Treating Depression With Tongue Firmly In Cheek

, , , , , | Healthy | January 17, 2018

(On my most recent office visit, I get some coffee but am hustled into a room before I can mix in cream or sugar. I spot a container of tongue depressors and grab one to stir. The nurse chuckles a bit at my audacity, but it makes perfect sense to me; it’s just like any other wooden coffee stirrer. Then, I have a bright idea. A few moments later my doctor walks in:)

Me: “I think I need Zoloft for my tongue.”

Doctor: “Why is that?”

Me: “It’s been depressed.”

(I got the laugh I hoped for. Nice to have a doctor with a sense of humor.)

Enough To Bring Tears To Your (Infected) Eyes

, , , , , | Healthy | January 16, 2018

(A customer comes in for a contact lens appointment. Their last appointment was nearly two years previous. They have an eye infection, so we bill them for a medical treatment visit.)

Customer: “What is this charge here? I wasn’t charged for this last time.”

Me: “Last time, you didn’t have an eye infection. We had to charge you a copay for that because of your medical insurance.”

Customer: “You didn’t ask me before doing all that; you can’t charge me for it.”

Me: “But you did want contact lenses, right?”

Customer: “Obviously.”

Me: “The doctor can’t give them to you until that eye infection is cleared up; that’s why this was a medical visit.”

Customer: “Well, the eye infection was your fault, anyway.”

Me: “Umm, but it was from over-wearing your contacts, correct?”

Customer: “Yes, but that’s your fault.”

Me: “Ma’am, you made a three-months supply of contacts last 20 months. I’m quite sure we didn’t recommend you do that.”

Customer: “Well, the contacts are too expensive! I couldn’t afford enough of them.”

Me: “Then, might I recommend you get glasses instead? We have a large selection of frames to choose from.”

Customer: “Glasses make people look stupid.”

Me: *laughs awkwardly, as all the other employees wear glasses, as do I* “Well, actually…”

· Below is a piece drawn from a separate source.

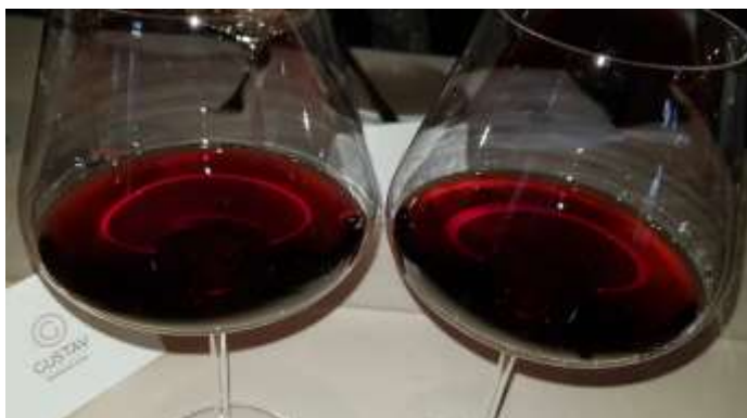
v.l.n.r. Cannubi 2009 und 2011

Elegante, geschliffene Nase mit einer grossartigen Komplexität und nicht weniger Tiefsinn. Zeigt eine klare Steigerung gegenüber dem Cannubi, breit, warm, generös und mit einem verführerischen Raffinement. Es strömen vielschichtige Düfte nach sehr reifen, dunklen Beeren, Pflaumen, sogar etwas Dörripflaumen, Kirschen, Leder, Nelken, Tabak und einem Hauch Trüffel. Mit der Zeit kommt sogar Kakao zur Geltung. Es gibt eine unverwechselbare Klasse in diesem Bouquet, welche nicht gleichgültig lässt. Eleganter, üppiger Antrunk. Finessenreicher, seiger/samtiger, geschliffener und vollmundiger, warmer Gaumen, welcher zeigt, dass wir ein Erzeugnis aus einem sonnigen Jahrgang verkosten. Komplexe und reintönige Aromen, welche eine sehr schöne Harmonie mit den Düften im Bouquet aufweisen. Runde, konzentrierte, ausgefeilte Tannine, einfach betörende Zusammensetzung mit einer grossartigen Eleganz und einem sehr langen Abgang. Eine Welt für sich. 18.5/20 (95/100).

Customer: “I don’t want glasses; I want contacts, and I’m not going to pay for things I didn’t ask for. If you don’t want people to get eye infections, you need to sell contacts cheaper.”

Me: “Ma’am, if you don’t pay for your visit, we cannot provide you with a prescription for contacts.”

Customer: “That’s just unprofessional!” *pays and then flounces out of office*

Bean There, Done Cat

, , , , , , | Healthy | January 16, 2018

(I am playing with one of the clinic cats, Bean, and toss a toy to him. Unfortunately, I miss and hit him in the face, though he doesn’t seem to mind. Bean is cute, but he’s not the brightest cat ever. Later, I am telling the vet about it.)

Me: “I feel kind of bad. I beaned Bean in the head with a toy.”

Doctor: “That’s okay; there’s nothing up there, anyway.”

The Needling Issue Doesn’t Have To Be

, , , , | Healthy | January 16, 2018

Due to a chronic condition, I needed to have a series of blood tests done, some of which required larger gauge needles than normal. I headed to the hospital closest to my apartment in Tokyo, waited to see the specialist, and got my notes to take to the blood draw lab reception.

The intake nurses were a bit flustered to be treating me, but my Japanese was good enough that I got through the first steps just fine. Then, I headed into the blood test room and the nurse there started telling me that the tests would hurt, the needles are pretty big, etc., and that in Japan, they don’t use skin-numbing cream. I assured her that I’d be fine, but she didn’t believe me and stomped out of the room to find a nurse that spoke English, despite the fact that we had been conversing in Japanese just fine.

I took off my cardigan, and my heavily-tattooed arms were now visible, right when the nurse came back, dragging a young doctor behind her. He looked at me and said to the nurse, “I think she’s okay with needles,” then burst out laughing as the nurse just gawked at me. Turns out I was the first foreign patient she’d ever taken blood from and she was terrified I’d flip out or faint because of the needles.